Amazon Is Testing a 30-Hour, 75% Salary Workweek (washingtonpost.com)
Amazon is planning a pilot program in which a select group of workers will need to work for 30 hours a week, instead of the usual 40 to 70 hours, and make 75 percent of the salary + benefits (alternate source). From the report:Currently, the pilot program will be small, consisting of a few dozen people. These teams will work on tech products within the human resources division of the company, working Monday through Thursday from 10 a.m. to 2 p.m., with additional flex hours. Their salaries will be lower than 40-hour workers, but they will have the option to transition to full-time if they choose. Team members will be hired from inside and outside the company. As of now, Amazon does not have plans to alter the 40-hour workweek on a companywide level, the spokesman said.
I'd go for this in a heartbeat, except that the 40 hour work week is a myth at Amazon (and most large US companies for exempt employees). I suspect that 30hrs would become just a couple of hours less than the full time (60-80 hour) employees for 75% salary. If it was really 30 hours, you could work 30 at Amazon, 30 at Microsoft and get 150% of your salary for working the same number of hours as "full time".
What makes you think people working 30 hours are doing any less work than people working 40? Most people only do 5-10 hours of real, actual, work in a week. the rest is fluff.
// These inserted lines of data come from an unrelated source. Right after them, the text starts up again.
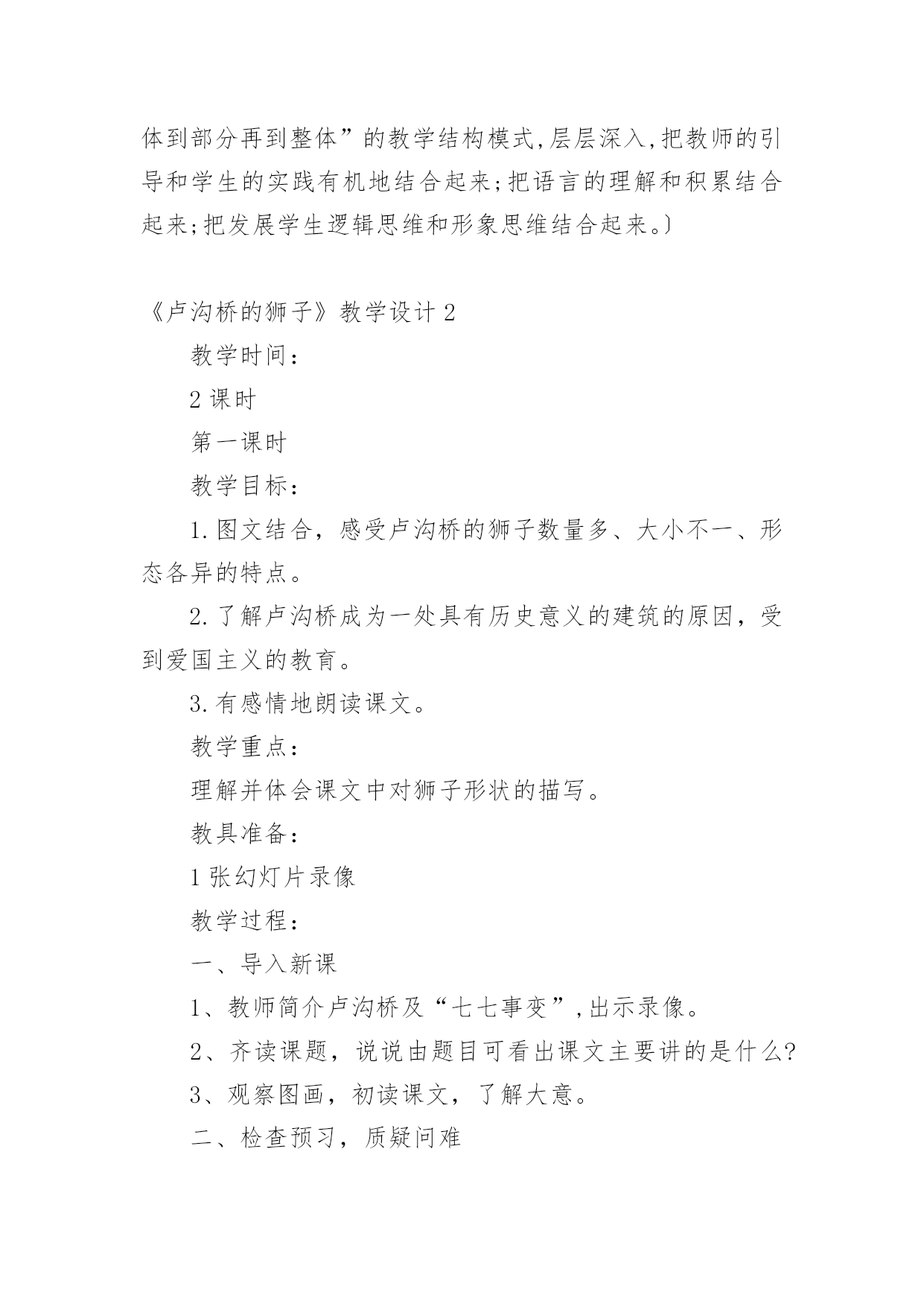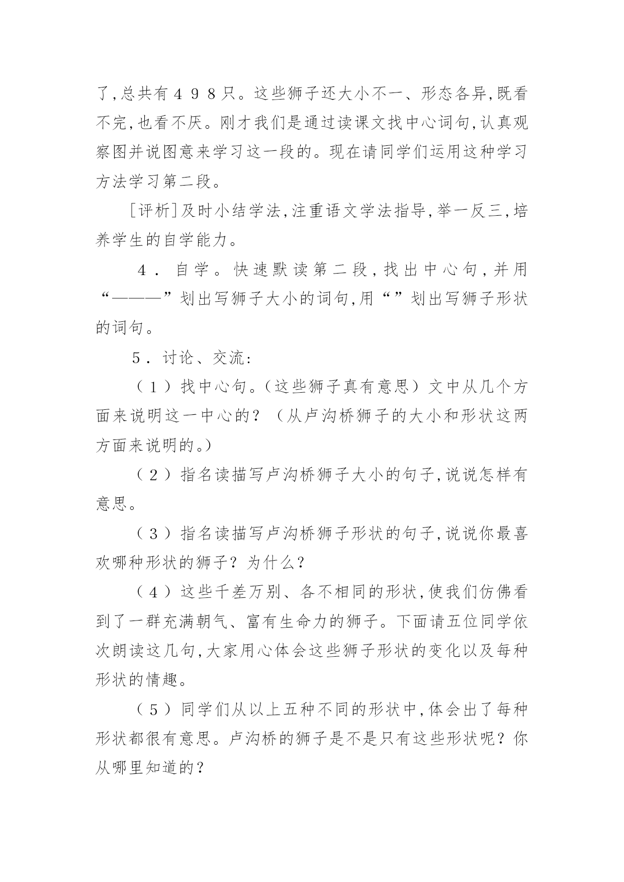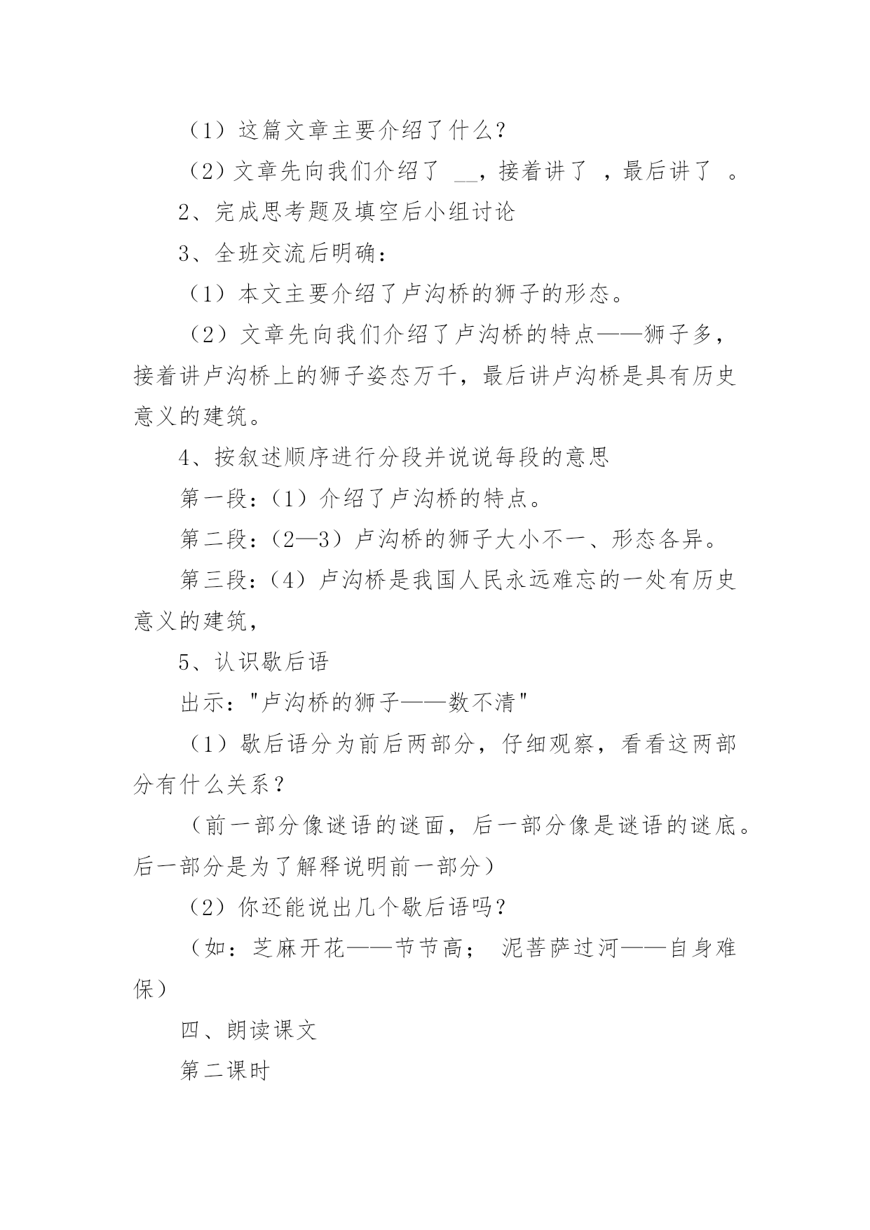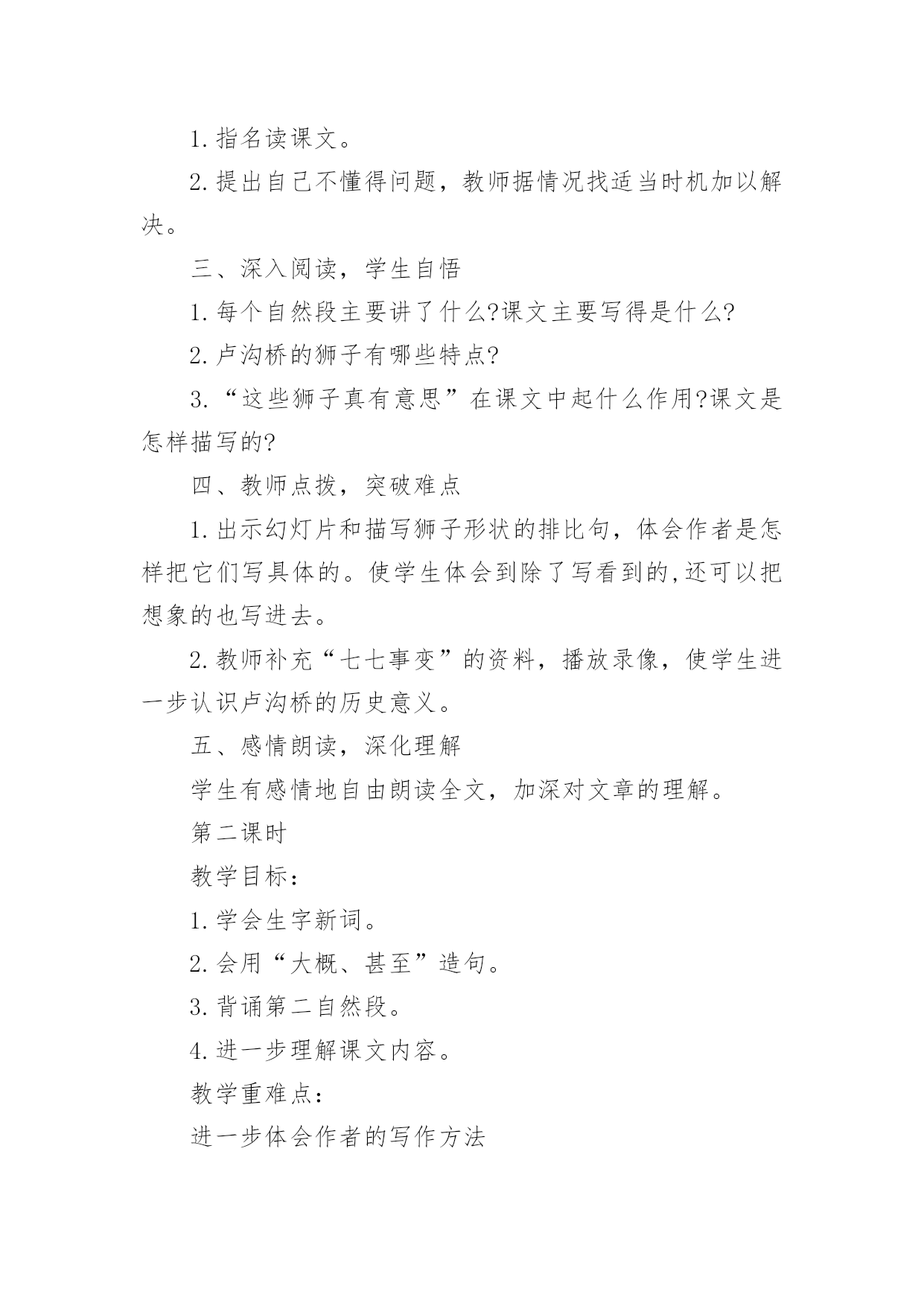《卢沟桥的狮子》教学设计作为一名教学工作者,常常需要准备教学设计,教学设计是实现教学目标的计划性和决策性活动。我们该怎么去写教学设计呢?下面是小编收集整理的《卢沟桥的狮子》教学设计,欢迎阅读与收藏。《卢沟桥的狮子》教学设计1教学任务1.激发自读意识,通过自读自悟了解卢沟桥狮子的建筑特点和历史意义,体会我国劳动人民的智慧和创造力。2.培养学生认真阅读、分析解决问题的能力。教学过程一、整体感知,理清思路1.指名读文,回顾全文内容。2.指名学生说说上节课分段情况,理清文章脉络。二、析疑定向,自读探索(一)学生自读质疑,师生归纳析疑1.学生自由读课文,结合预习提出自己不懂的问题。2.学生提出的问题,大致梳理归纳如下:(1)卢沟桥的狮子有多少?(2)为什么说卢沟桥的狮子真有意思?(3)我不理解“联拱桥”“挑衅”的意思。(4)卢沟桥为什么成了我国人民永远难忘的一处具有历史意义的建筑?[评析]虽然通过预习和第一课时的教学,学生对课文内容及层次段落已有一定的了解,但是在第二课时的一开始,让学生通读全文、回忆分段情况、理清文章脉络还是必不可少的。体现了《大纲》要求———从整体入手。(二)自读解疑1.激发自读兴趣:亲自耕耘,才能体会到收获的快乐。让我们一起来边读边思考,解开心中的疑团。2.生自读课文。想想看,卢沟桥的狮子有哪些特点?这个问题我们应该阅读哪些段落来领悟呢?(第一、二段)3.读后,学生说出卢沟桥狮子的特点:数量多、大小不一、形态各异。(三)部分深化,读中寻解1.指名读第一段,找找文中哪个词能说明卢沟桥的狮子多?(数不清)2.卢沟桥是一座怎样的桥?相机理解“联拱桥”。3.出示投影,指导看全景图。说说卢沟桥的狮子数量多。[评析]古人云:“读书无疑者,须教有疑;有疑者却要无疑,到这里方是长进。”教师鼓励学生提出问题,进而依据本课的教学目标、教学重点进行梳理归纳,既把学习的'主动权交给学生,又发挥了教师的主导作用。体现了“开放式教学”的新思想。小结:卢沟桥的狮子多得数不清,可文物工作者早就数清了,总共有498只。这些狮子还大小不一、形态各异,既看不完,也看不厌。刚才我们是通过读课文找中心词句,认真观察图并说图意来学习这一段的。现在请同学们运用这种学习方法学习第二段。[评析]及时小结学法,注重语文学法指导,举一反三,培养学生的自学能力。4.自学。快速默读第二段,找出中心句,并用“———”划出写狮子大小的词句,用“”划出写狮子形状的词句。5.讨论、交流:(1)找中心句。(这些狮子真有意思)文中从几个方面来说明这一中心的?(从卢沟桥狮子的大小和形状这两方面来说明的。)(2)指名读描写卢沟桥狮子大小的句子,说说怎样有意思。(3)指名读描写卢沟桥狮子形状的句子,说说你最喜欢哪种形状的狮子?为什么?(4)这些千差万别、各不相同的形状,使我们仿佛看到了一群充满朝气、富有生命力的狮子。下面请五位同学依次朗读这几句,大家用心体会这些狮子形状的变化以及每种形状的情趣。(5)同学们从以上五种不同的形状中,体会出了每种形状都很有意思。卢沟桥的狮子是不是只有这些形状呢?你从哪里知道的?(6)投影:卢沟桥的狮子局部图。指导看图,展开想象,说说卢沟桥的狮子还有哪些形状。[评析]这段的结构是典型的先总起再分述。根据这一特点设计自学环节,引导学生通过读书、思考、议论,理解中心句的意思和作用,并找出围绕中心句展开的两个方面的内容。学生很快就能从总体上把握了全段的内容和结构,为进一步深入探究创造了条件,起到了纲举目张的作用。6.引读。师:这些狮子真有意思———生:它们有大有小。师:大的———生:大的……小的……师:它们的形状———生:各不相同。师:有的———生:蹲坐……师:有的———生:低着……师:有的小狮子———生:偎依……师:有的小狮子———生:藏在……师:还有的小狮子———生:大概……7.小结过渡:通过读课文,大家弄明白第一个问题了吗?(明白)。卢沟桥的狮子不仅数量多、大小不一、形状各异、成为北京的一道风景线,而且这座桥还是一处具有历史意义的建筑呢!为什么呢?这是我们要解决的第二个问题。又该读哪段来领悟呢?(第三段)8.默读,自学思考:为什么说卢沟桥是具有历史意义的建筑?9.交流汇报自学情况,相机理解“挑衅”这个词。(卢沟桥是“七七事变”的发生地,抗日战争从这里正式开始。因此,卢沟桥成了我国人民永远难忘的一处具有历史意义的建筑。)10.有感情地练读这一段。指名读后评议。(要读出憎恨日军,牢记这段历史的感情。)11.全班带着这种情感齐读这一段。[评析]教师在引导学生深入探究、理解文意、学习语言的过程中,据文设问,环环相扣,层层推进,使教学活动不枝不蔓,有条不紊。以问促读,以问启思,以问导议。放手让学生从课文中找答案,不仅找出“是什么”,而且理解“为什么”,给学生以读书、思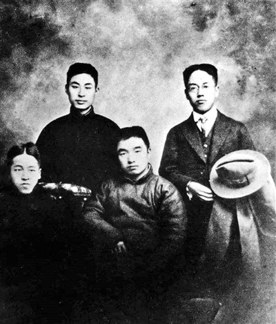 1921年12月31日于杭州。左起:许若昂(宝驹)、叶圣陶、朱自清、俞平伯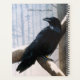 Um corvo preto sentado num galho. Inverno e floresta ao redor com neve caindo.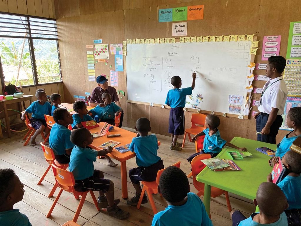 El fundador de YPHP, James Riady, se une a los estudiantes de Mek en Nalca para una clase de matemáticas / Foto: Jeremy Weber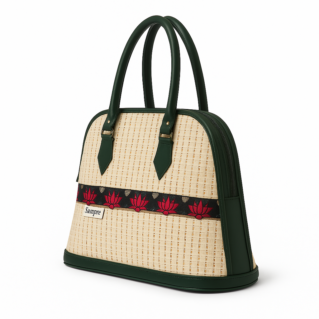 The Sampre series by CROCHÉ PARIS brings handcrafted crochet artistry into modern design. The Sampre Lotus Motif features a deep green trim contrasted with a delicate lotus-inspired crochet pattern, accented by PU leather for durability. Its lightweight yet spacious structure makes it perfect for workdays, festive occasions, travel, and everyday use. Styled in Paris and crafted in India, the Sampre series represents the CROCHÉ PARIS vision – bringing everyday luxury within reach.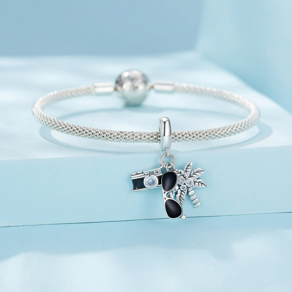 Capture the memories of your beach getaway with our Tropical Holiday Vibes Dangle Charm. Featuring a camera, a palm tree, and a pair of sunnies, this charm is the perfect way to remember a special vacation or gift for someone who loves the beach. Let this charm transport you to a world of sun, sand, and relaxation.
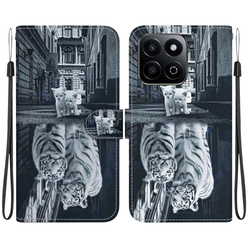 Θήκη τηλεφώνου από δέρμα με πολύχρωμη σχεδίαση κρυστάλλινης υφής για Honor Play 60 Plus (Αντανάκλαση Γάτας-Τίγρης)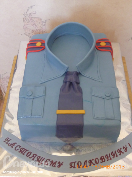 Торты для мужчинРубашку заказала девушка для своего папы, он у неё подполковник милиции в отставке, а надпись -её пожелание.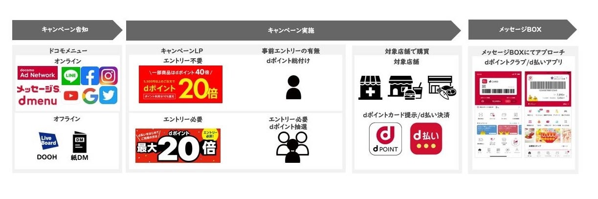 「スーパー販促プログラム」(以下、本サービス)とは、「dポイント」や「d払い®」を使い商品を購入したお客様や、キャンペーンにエントリーしたお客様へ、企業のメッセージやキャンペーン情報などを配信できる販促プラットフォームです。購買情報やキャンペーンエントリー情報に基づくターゲティングが可能となるため、従来のプロモーションでアプローチすることが難しかった、購買により近しいお客様への直接的な接点構築をお手伝いします。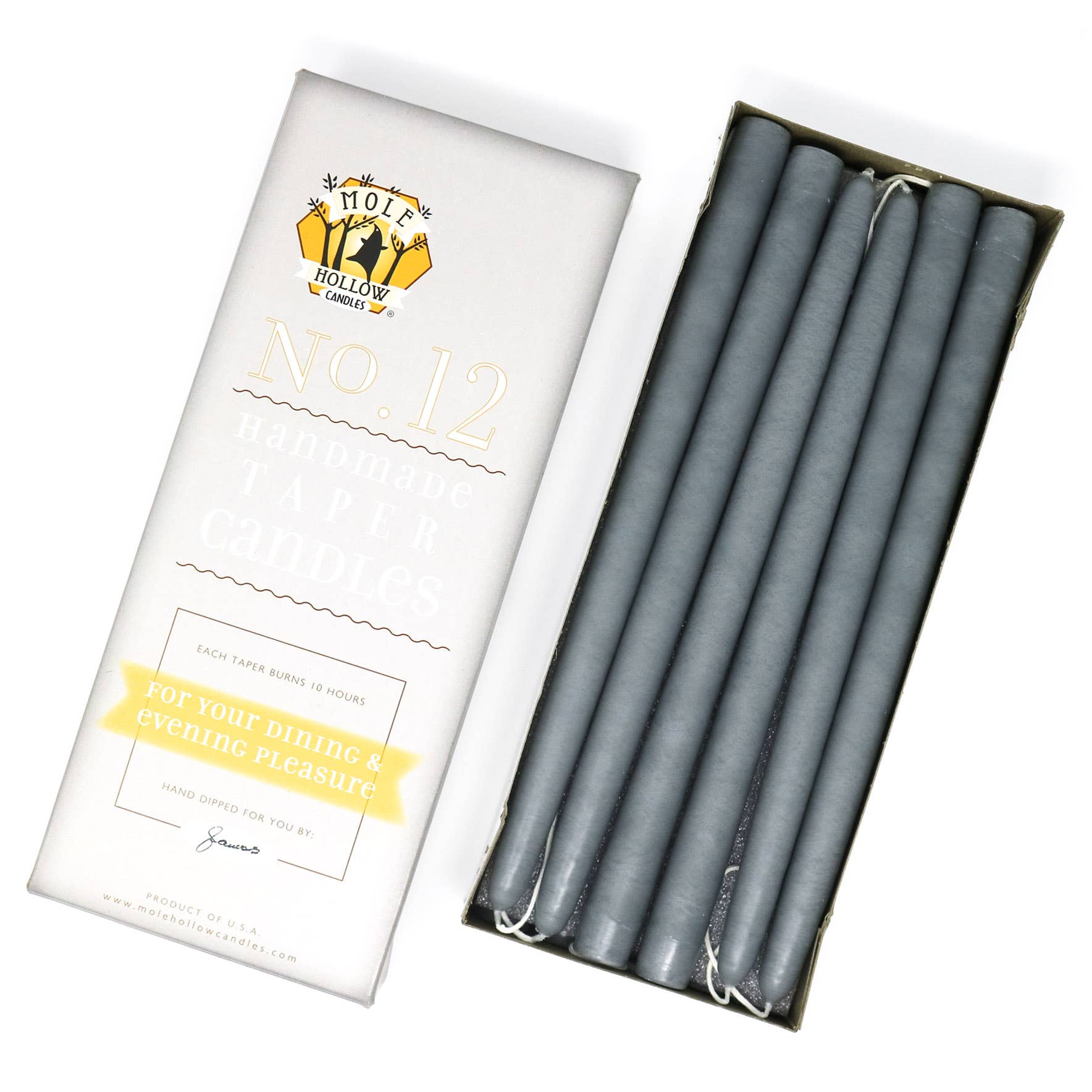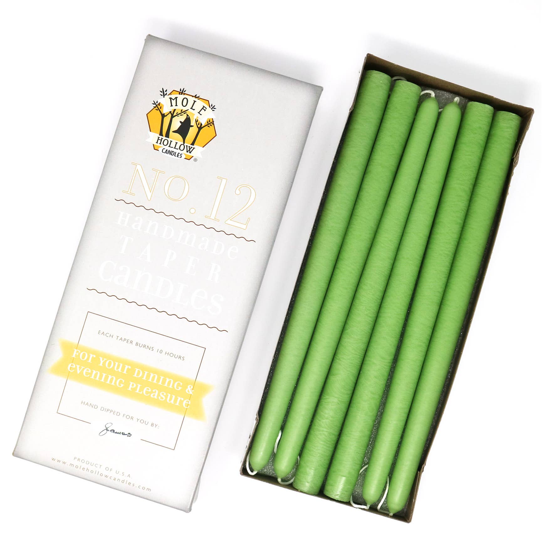Mole Hollow 12” unscented taper candles are hand dipped and available in 39 colors. Each taper candle has a 100% cotton wick and solid color throughout. Christmas candle color bestsellers include Sweetheart Red, Emerald Green and Stark White.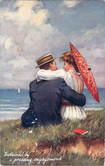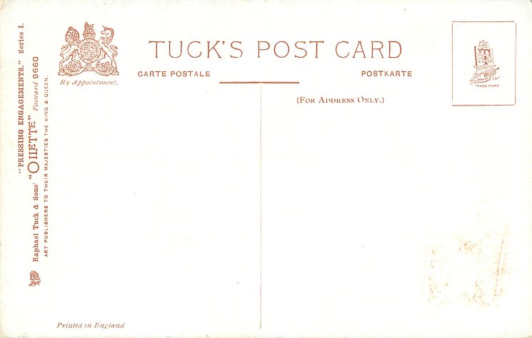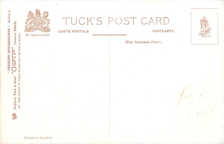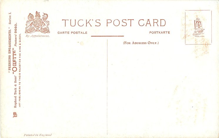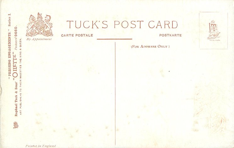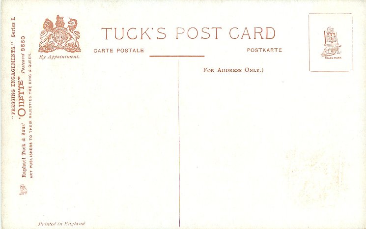 OILETTE, PRINTED IN ENGLAND, listed as ARE WE DOWNHEARTED? in 1911/1912 & 1913/1914 Postcard Catalogues

As a dev who works 50-60 hours a week, I'm not sure I really agree. My working day tends to be mornings drinking coffee, meetings, fiddling about with code and discussing options with other developers. After about 3pm I tend to get into the zone. I finish around 7 and sometimes work weekends if there's a problem I'm particularly keen to solve.
The guy sitting at the next desk to me is a different story though. He seems to alternate between Facebook and Chrome, with brief 5 minute coding sessions. I'm not a snitch but it does fucking annoy me. I suppose it's like that in many places. A few key staff shoulder most of the burden and the rest blag a pay cheque.
clearly you've never worked a manufacturing job.